Optimize Binary Data Using Or Operator

19 Views Asked by At

The purpose of this post is mainly for keywords for related researches.


Given $y_i\in \{0, 1\}$ and $x_i\in\{0,1\}^{n}$ for $i=1\ldots m$ and . How to solve the optimization problem $$\begin{align} & \min_w \sum_{i=1}^{m} \left(sgn(x_i^Tw)-y_i\right)^2\\ \text{such that}\quad& \; w\in\{0,1\}^n,\end{align}$$ where $sgn(a)=\begin{cases}1 & \text{if } a>0 \\ 0 & \text{if } a\le 0\end{cases}$.
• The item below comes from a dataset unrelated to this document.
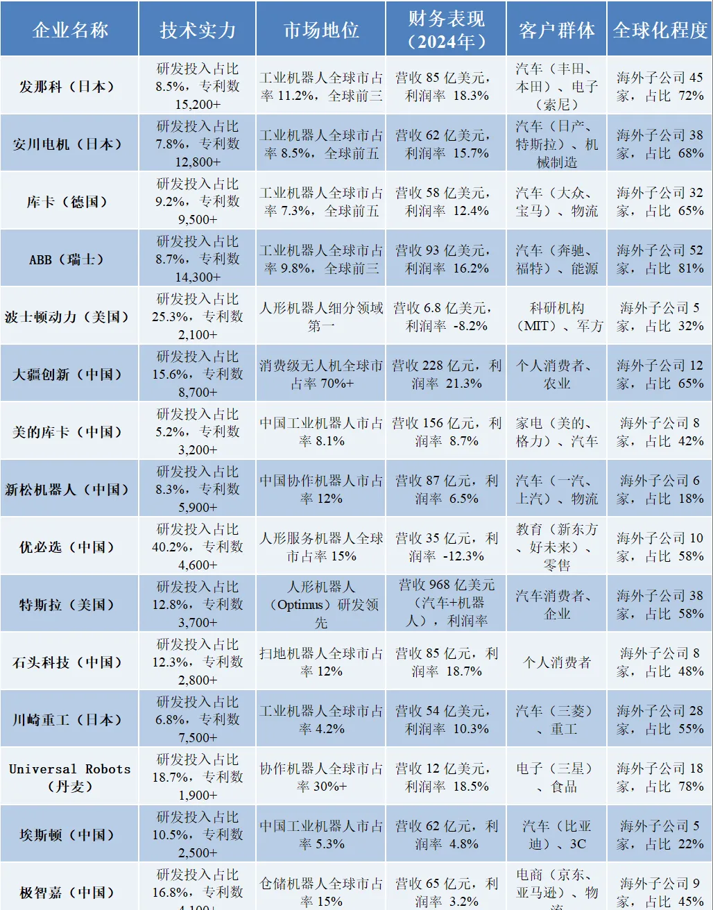 五、全球机器人企业核心竞争力对比分析

$w$ can be seen as a selector of $x_i$, and the selected $x_i$ are passed through a logical or gate and get the output.

For example, $y=\begin{bmatrix}1\\1\\0\\0\end{bmatrix}$, $X=\begin{bmatrix} x_1^T \\ x_2^T \\ x_3^T \\ x_4^T \end{bmatrix}= \begin{bmatrix} 1 & 0 & 0\\ 0 & 0 & 1\\ 0 & 1 & 0\\ 0 & 1 & 1 \end{bmatrix}$, then $\begin{bmatrix}1\\0\\0\end{bmatrix}$ and $\begin{bmatrix}1\\0\\1\end{bmatrix}$ are both solutions.

A simple way to solve is to try out every possible combinations, which is $2^n$ trials. Are there any more scalable ways to solve this kind of problem? Or do you have any idea which research topic is related to it?

1

There are 1 best solutions below

0
On BEST ANSWER

You can solve the problem via integer linear programming as follows. Let binary decision variable $z_i$ represent $\text{sgn}(x_i^T w)$. The objective function is then $$\sum_i (z_i-y_i)^2=\sum_i (z_i^2-2y_i z_i+y_i^2)=\sum_i (z_i-2y_i z_i+y_i)=\sum_i (1-2y_i) z_i+\sum_i y_i,$$ and the constraints are $$z_i \le x_i^T w \le n z_i.$$ If $z_i=0$ then $x_i^T w=0$, and if $z_i=1$ then $1 \le x_i^T w \le n$, as desired.